Records from a data collection
::::
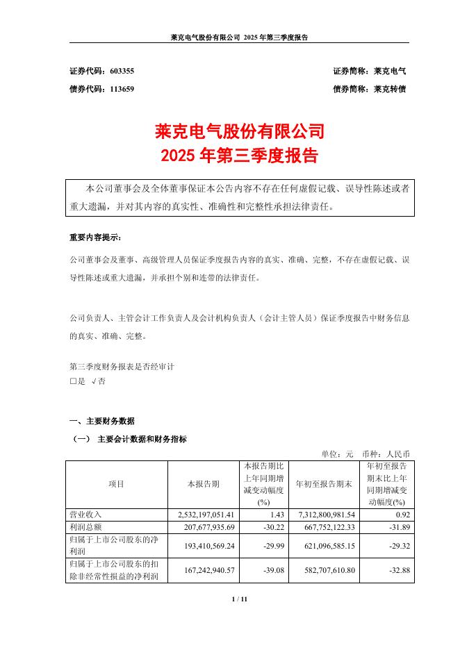 113659-莱克电气:莱克电气2025年第三季度报告.pdf
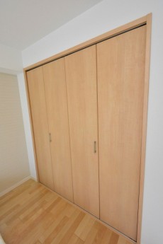 北側にあるクローゼットは、こんどは横に長いタイプです。真ん中の扉がスライドするようになっているので、大きく左右に開きます。
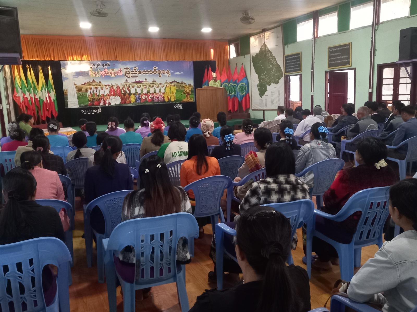 ရှေးဦးစွာ အခမ်အနားသို့ တက်ရောက်လာကြသော မြို့နယ်စီမံခန့်ခွဲရေးနှင့်အုပ်ချုပ်ရေးကော်မတီဥက္ကဋ္ဌနှင့် အဖွဲ့ဝင်များ၊ ဌာနဆိုင်ရာအကြီးအကဲများနှင့်ဝန်ထမ်းများ၊ ရပ်ကွက်အုပ်ချုပ်ရေးမှူးများက ပြည်ထောင်စုသမ္မတမြန်မာနိုင်ငံတော်အလံအား အလေးပြုပြီး နိုင်ငံတော်လုံခြုံရေးနှင့်အေးချမ်းသာယာရေးကော်မရှင်ဥက္ကဌ ဗိုလ်ချုပ်မှူးကြီး သတိုးမဟာသရေစည်သူ သတိုးသီရိသုဓမ္မ မင်းအောင်လှိုင်ထံမှ ၂၀၂၆ ခုနှစ် (၇၉) နှစ်မြောက် ပြည်ထောင်စုနေ့အခမ်းအနားသို့ပေးပို့သည့် သဝဏ်လွှာအား မြို့နယ်စီမံခန့်ခွဲရေးနှင့်အုပ်ချုပ်ရေးကော်မတီဥက္ကဋ္ဌ မြို့နယ်အုပ်ချုပ်ရေးမှူး ဦးကျော်စိုးကဖတ်ကြား၍ မြို့နယ်ပြန်ကြားရေးနှင့်ပြည်သူ့ဆက်ဆံရေးဦးစီးဌာနရုံး ဝန်ထမ်းများက (၇၉)နှစ်မြောက် ပြည်ထောင်စုနေ့အထိမ်းအမှတ် သတင်းစကားလက်ကမ်းစာစောင်များကို တက်ရောက်လာကြသူများအား ဖြန့်ဝေပေးခဲ့ကြောင်း သိရသည်။
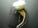 余りのテグスかワイヤーで造花の茎とコームを巻きつける。
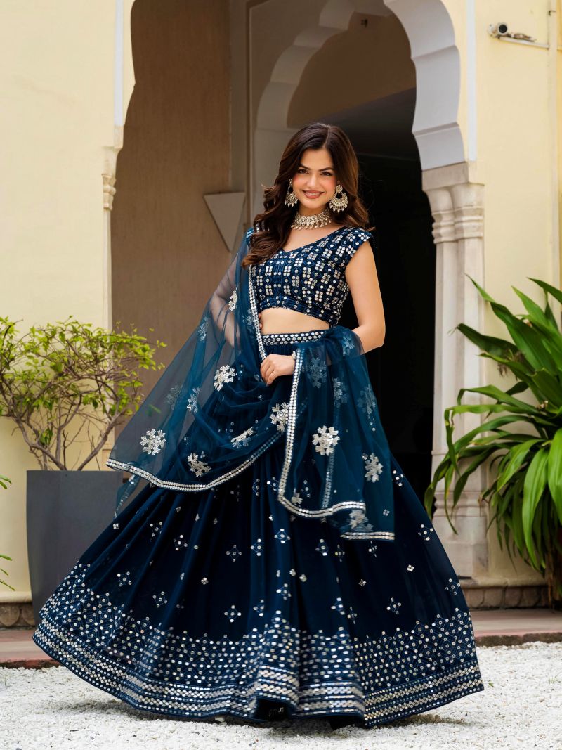 This stunning Teal Blue Georgette Lehenga Choli is perfect for weddings and special celebrations. It features rich zari and sequence embroidery that adds a luxurious and elegant touch. The semi-stitched A-line lehenga offers a beautiful fall and comfortable fit.
::::
:: EXERCISE BRIEF ::
Each line of the data should be quoted exactly, with pictures left out.

:: RESPONSE TO THIS EXERCISE ::
 113659-莱克电气:莱克电气2025年第三季度报告.pdf
 北側にあるクローゼットは、こんどは横に長いタイプです。真ん中の扉がスライドするようになっているので、大きく左右に開きます。
 ရှေးဦးစွာ အခမ်အနားသို့ တက်ရောက်လာကြသော မြို့နယ်စီမံခန့်ခွဲရေးနှင့်အုပ်ချုပ်ရေးကော်မတီဥက္ကဋ္ဌနှင့် အဖွဲ့ဝင်များ၊ ဌာနဆိုင်ရာအကြီးအကဲများနှင့်ဝန်ထမ်းများ၊ ရပ်ကွက်အုပ်ချုပ်ရေးမှူးများက ပြည်ထောင်စုသမ္မတမြန်မာနိုင်ငံတော်အလံအား အလေးပြုပြီး နိုင်ငံတော်လုံခြုံရေးနှင့်အေးချမ်းသာယာရေးကော်မရှင်ဥက္ကဌ ဗိုလ်ချုပ်မှူးကြီး သတိုးမဟာသရေစည်သူ သတိုးသီရိသုဓမ္မ မင်းအောင်လှိုင်ထံမှ ၂၀၂၆ ခုနှစ် (၇၉) နှစ်မြောက် ပြည်ထောင်စုနေ့အခမ်းအနားသို့ပေးပို့သည့် သဝဏ်လွှာအား မြို့နယ်စီမံခန့်ခွဲရေးနှင့်အုပ်ချုပ်ရေးကော်မတီဥက္ကဋ္ဌ မြို့နယ်အုပ်ချုပ်ရေးမှူး ဦးကျော်စိုးကဖတ်ကြား၍ မြို့နယ်ပြန်ကြားရေးနှင့်ပြည်သူ့ဆက်ဆံရေးဦးစီးဌာနရုံး ဝန်ထမ်းများက (၇၉)နှစ်မြောက် ပြည်ထောင်စုနေ့အထိမ်းအမှတ် သတင်းစကားလက်ကမ်းစာစောင်များကို တက်ရောက်လာကြသူများအား ဖြန့်ဝေပေးခဲ့ကြောင်း သိရသည်။
 余りのテグスかワイヤーで造花の茎とコームを巻きつける。
 This stunning Teal Blue Georgette Lehenga Choli is perfect for weddings and special celebrations. It features rich zari and sequence embroidery that adds a luxurious and elegant touch. The semi-stitched A-line lehenga offers a beautiful fall and comfortable fit.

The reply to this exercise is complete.